▶ Exercise data
------
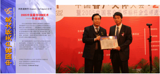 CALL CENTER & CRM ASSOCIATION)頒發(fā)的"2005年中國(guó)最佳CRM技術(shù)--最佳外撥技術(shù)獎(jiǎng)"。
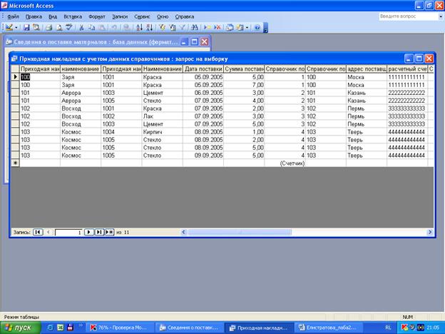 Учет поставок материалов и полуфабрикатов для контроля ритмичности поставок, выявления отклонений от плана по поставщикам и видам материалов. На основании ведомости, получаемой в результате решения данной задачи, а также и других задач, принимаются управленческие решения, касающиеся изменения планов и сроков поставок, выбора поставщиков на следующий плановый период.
------
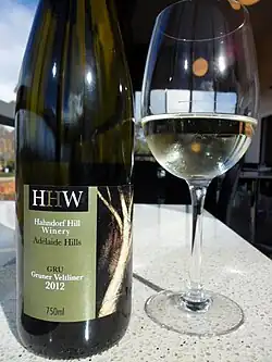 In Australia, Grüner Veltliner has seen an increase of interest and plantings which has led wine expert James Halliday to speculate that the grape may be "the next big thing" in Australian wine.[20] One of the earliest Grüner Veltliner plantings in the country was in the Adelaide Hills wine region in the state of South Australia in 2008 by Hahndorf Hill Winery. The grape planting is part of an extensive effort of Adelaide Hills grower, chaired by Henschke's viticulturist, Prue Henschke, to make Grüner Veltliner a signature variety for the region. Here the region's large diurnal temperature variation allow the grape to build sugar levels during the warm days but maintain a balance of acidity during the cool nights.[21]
------
▶ What this task involves
In the records above, find the line with "CALL CENTER &" and the line with "Учет поставок материалов"; please transcribe exactly those two lines and all lines between them, omitting any picture.

▶ Answer space
 CALL CENTER & CRM ASSOCIATION)頒發(fā)的"2005年中國(guó)最佳CRM技術(shù)--最佳外撥技術(shù)獎(jiǎng)"。
 Учет поставок материалов и полуфабрикатов для контроля ритмичности поставок, выявления отклонений от плана по поставщикам и видам материалов. На основании ведомости, получаемой в результате решения данной задачи, а также и других задач, принимаются управленческие решения, касающиеся изменения планов и сроков поставок, выбора поставщиков на следующий плановый период.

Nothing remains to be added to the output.